Quim era um Machado em forma de jogador da bola. Cortava tudo a eito. Era um híbrido: 50% lenhador, 50% futebolista e 10% mau aluno a matemática. Curiosamente, homónimo de outro Quim, o Berto, que não teve alternativa senão ficar com o Berto, após uma discussão acesa com este Quim, o Machado – mentira, levou logo um sopapo mal se pôs em bicos de pé e nem sequer chegou a haver discussão.
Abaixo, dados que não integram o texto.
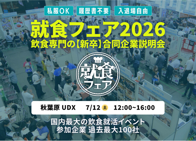 「就食フェア2026」過去最大の100社が参加!国内最大の飲食・レストラン新卒就活イベント!
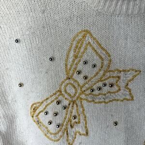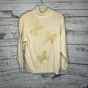 Dana Scott vintage sweater, beaded bow sweater, silk angora blend, mock neck sweater, embroidered vintage knit, holiday party sweater, 80s 90s glam sweater, cream gold bow design
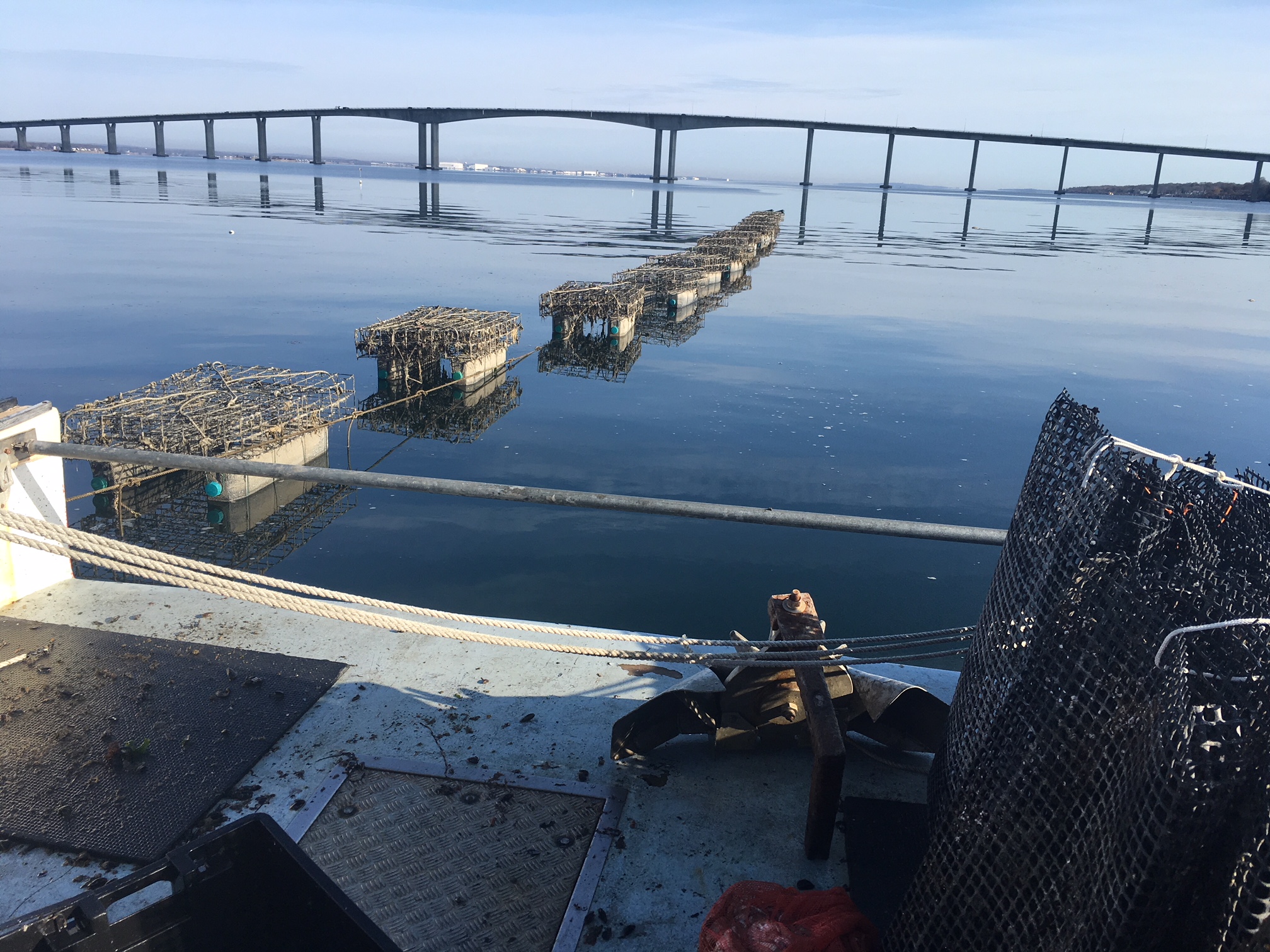 Venus oysters are raised in floating cages in Point Judith Salt Pond, Narragansett. The tides pull cold Block Island Sound…
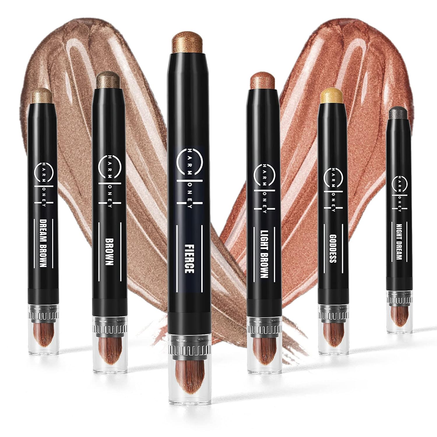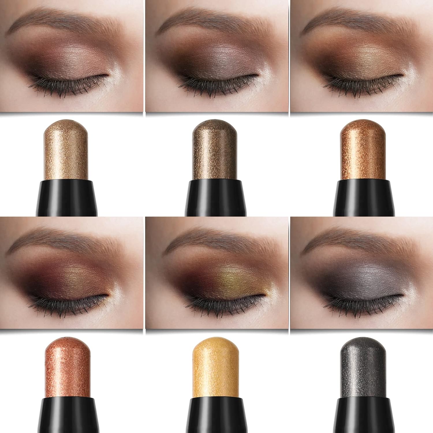 BTremary 6PCS Matte Metallic Eyeshadow Stick, Light to Dark Brown Cream Shimmer Eyeshadow Pencil, Waterproof Eyeshadow Sticks Set, Long Lasting Moisturizing, Crease Resistant, No Fall Out
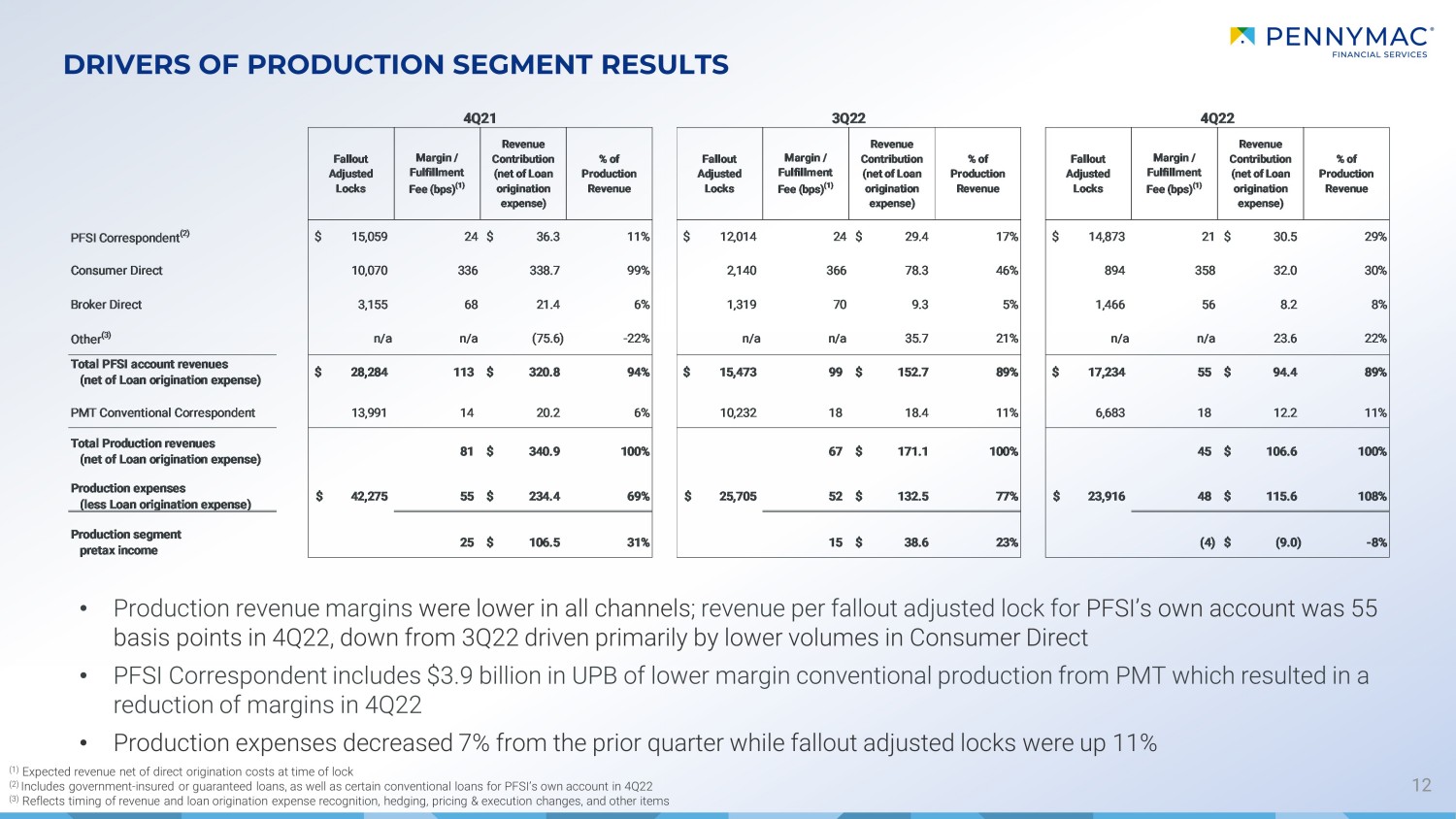 11 PRODUCTION SEGMENT HIGHLIGHTS – VOLUME BY CHANNEL Consumer Direct (UPB in billions) Broker Direct (UPB in billions) January 2023 January 2023 January 2023 Note: Figures may not sum due to rounding (1) For government - insured loans, PFSI earns income from holding and selling or securitizing the loans (2) Includes loans fulfilled for PMT as well as loans for PFSI’s own account. For loans fulfilled for PMT, PFSI earns a fulfillme nt fee from PMT rather than income from holding and selling or securitizing the loans (3) Includes locks related to PMT loan acquisitions as well as loans for which PFSI earns a fulfillment fee (4) Commitments to originate mortgage loans at specified terms at period end (1) (2) (3) Correspondent (UPB in billions) $4.3 $1.1 $0.6 $6.3 $1.2 $0.5 $10.6 $2.3 $1.1 $14.2 $3.8 $1.7 4Q21 3Q22 4Q22 Government loans Conventional loans Total locks $0.9 $0.4 $0.4 $2.8 $0.9 $0.8 $3.7 $1.3 $1.1 $3.9 $1.9 $2.0 4Q21 3Q22 4Q22 Government loans Conventional loans Total locks $15.7 $12.2 $10.1 $17.2 $10.2 $10.7 $32.8 $22.4 $20.8 $30.3 $23.0 $22.9 4Q21 3Q22 4Q22 Government loans Conventional loans Total locks Locks: (UPB in billions) $6.1 Locks: (UPB in billions) $0.7 Locks: (UPB in billions) $0.8 Acquisitions: (UPB in billions) $6.8 Originations: (UPB in billions) $0.2 Originations: (UPB in billions) $0.5 Committed pipeline (4) : (UPB in billions) $0.7 Committed pipeline (4) : (UPB in billions) $0.8
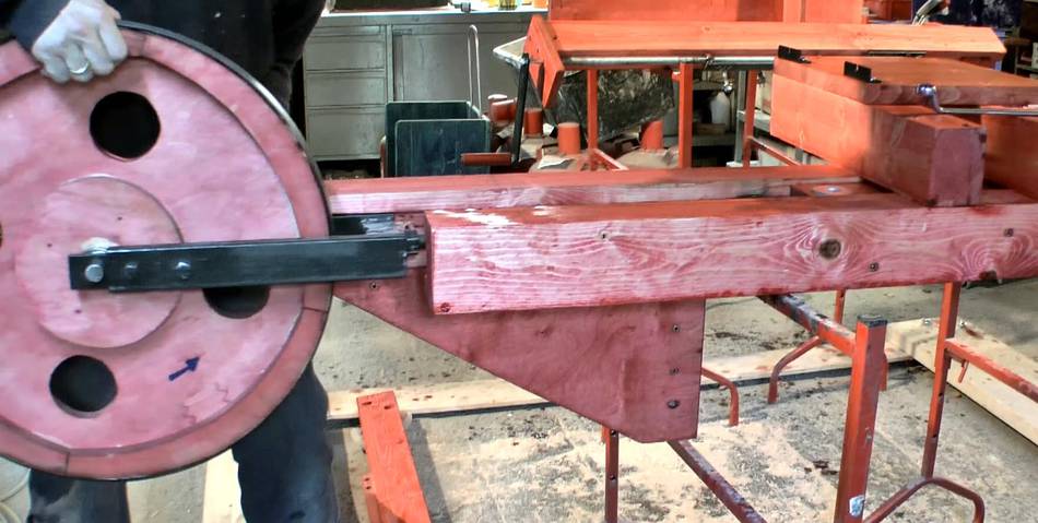 moving the log on a platform on tracks in my shop.
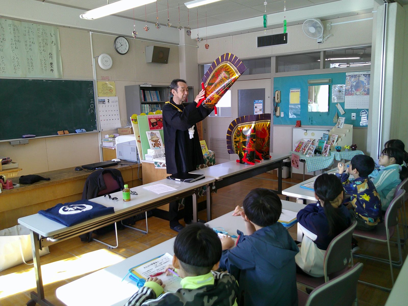 2月4日(水)と10日(火)に3年生が「えんぶり学習会」を行いました。どちらも売市えんぶり組の方が講師として来校し、えんぶりの歴史や舞など丁寧に指導してくださりました。

Quim Berto referiu-nos em off “Eu sentia medo quando ia para os treinos… (pausa) Tremia quando chegava a casa, o estômago andava às voltas, tinha suores frios só de pensar em encontrar o Quim Machado à minha espera no balneário (bebe água)… Ele, uma vez, entalou-me a cabeça numa janela da Torre de Belém durante uma viagem, supostamente de descompressão, ao Portugal dos Pequeninos e fui gozado por uma turma da 4ª classe uma tarde inteira… Um pesadelo…Bater livres era o único escape para mim… Foram tempos difíceis… Não quero mais falar, ele pode estar a ouvir. Especialmente se estivermos em off. Estamos em off? Oh, c’um caraças!, estou f…(desligou)”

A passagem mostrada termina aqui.